"Lily”, couverture du roman signée Séverin Millet.

Lily

Roman
La Joie de lire · février 2015
Couverture, Séverin Millet

— Lève-toi, oui, toi, approche. Rentre dans la lumière et montre-nous qui tu es.
Lily s’est levée, jambes et bras emmêlés. Son chignon a cédé, ses cheveux sont venus noyer ses épaules, sa nuque. Elle a regardé le chorégraphe. Elle a planté ses yeux au fond des yeux couleur glacier et elle a balbutié :
— C’est moi, c’est Lily…

C’est avec beaucoup d’émotion que je vois ce roman publié au sein de la collection “EncRage”. Encore plus d’émotion et de poids autour de ce roman lié à l’Algérie après ce 7 janvier 2015…

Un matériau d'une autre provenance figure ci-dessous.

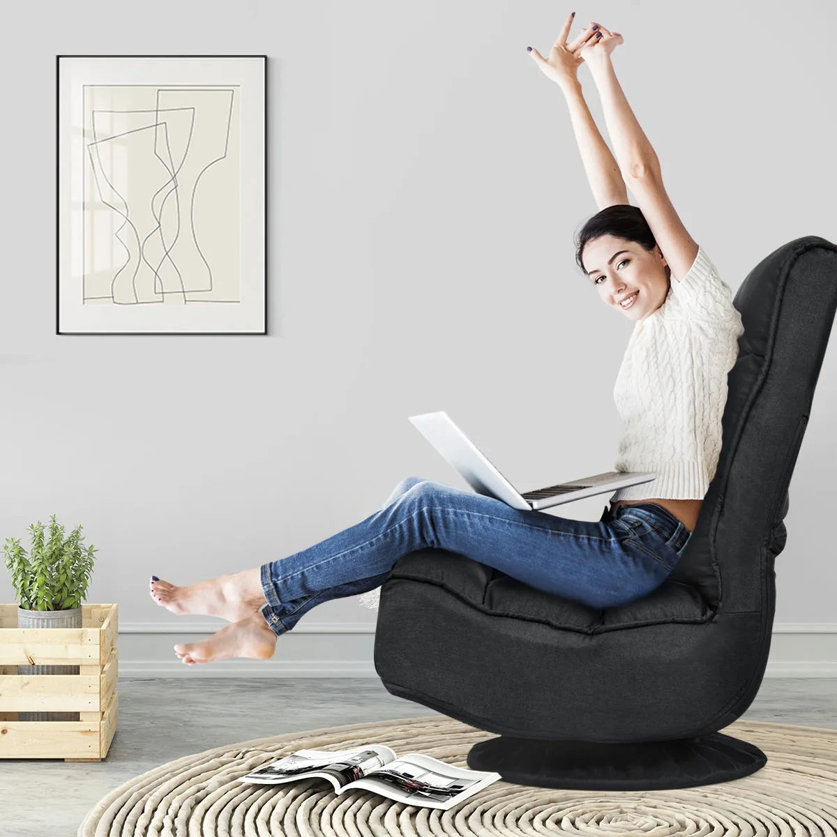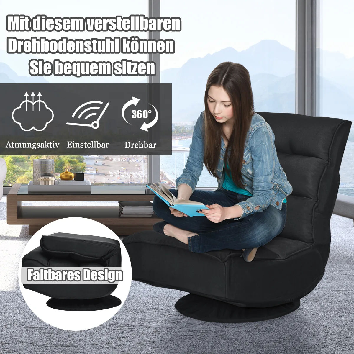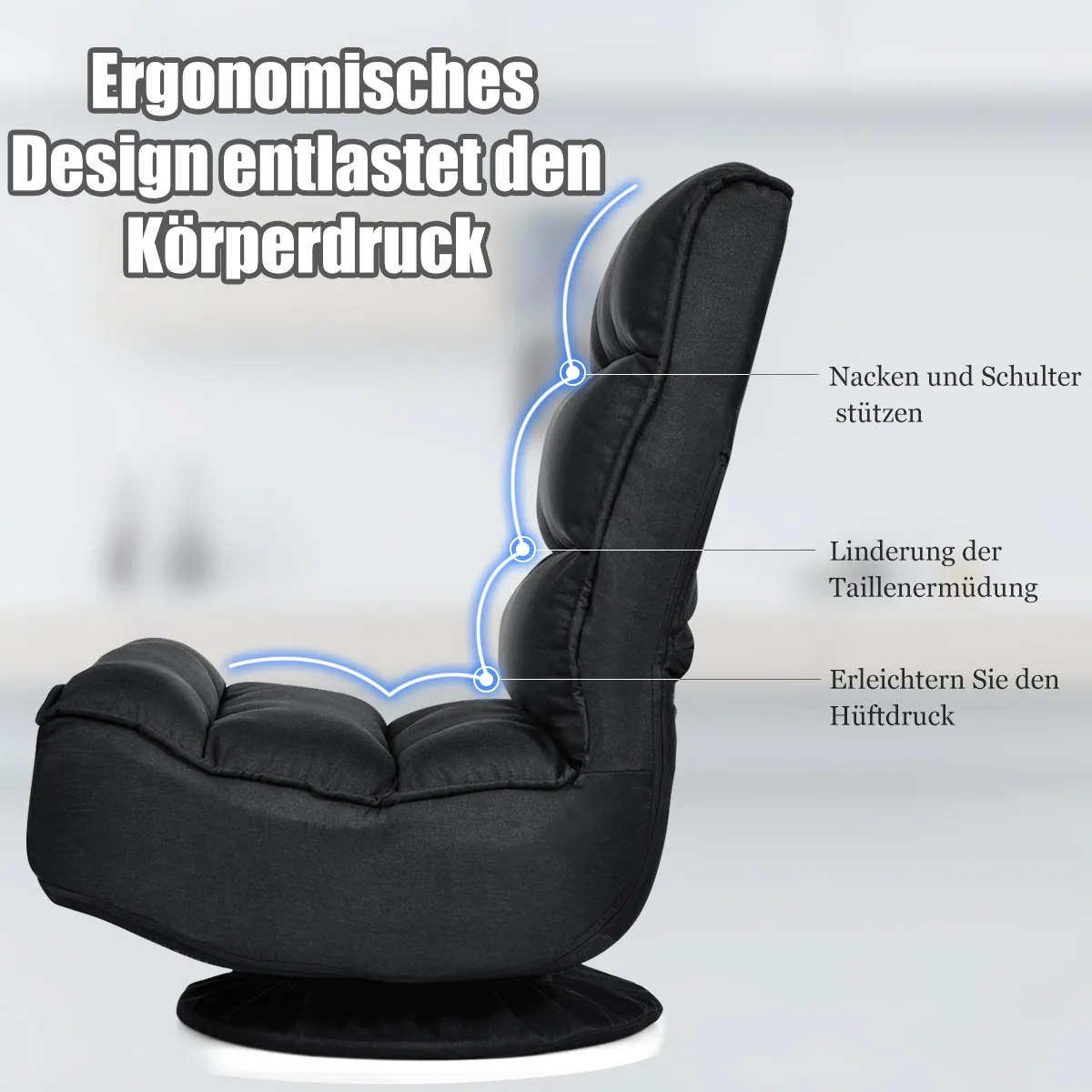 - Reguliuojama grindų kėdė su tankiu paminkštinimu ir minkštu, kvėpuojančiu audiniu.

On ne se défait pas des personnages qu’on a créés

L’idée de raconter un amour, un lien trop fort entre un frère et une sœur est présente depuis longtemps dans mes projets. La bâtir sur des jeunes gens dont le père est mort quand ils étaient enfants était une suite évidente pour moi au personnage de Nina, dans Pablo de La Courneuve. Et j’ai vu Nina danser, peut-être sur les pas de la Goule… La danse. Souvenirs de mes cours de danse trop tôt interrompus par une scoliose ? Des ballets de Béjart qui ont peuplé mon adolescence ?

De l’album au roman

Nina est devenue Lily. J’ai d’abord écrit son histoire en imaginant un album CD. J’entendais les duos frère-sœur, les complaintes de Lily et ses mouvements d’humeur sur des pas de danse… Est-ce que j’étais déjà dans un film de Jacques Demy ? Sans doute.

Je venais de publier L’enfant silence avec Benjamin Lacombe, j’ai pensé à lui. On a commencé à travailler. Au lien trop fort entre un frère et une sœur, Benjamin préférait un garçon sur le toit, un amoureux romantique et secret. Nino qui ne s’appelait pas encore Nino est né. Mais je tenais à la problématique du lien frère-sœur, et l’histoire débordait sur des thèmes très adolescents, on sortait de l’album, le roman prenait forme.

Une guerre…

J’avais donc une jeune fille orpheline de père, qui aimait trop son frère, et qui allait en être séparé. Qu’est-ce qui pouvait les séparer ? C’est là qu’est intervenue la guerre d’Algérie, encore une évidence. Une nécessité.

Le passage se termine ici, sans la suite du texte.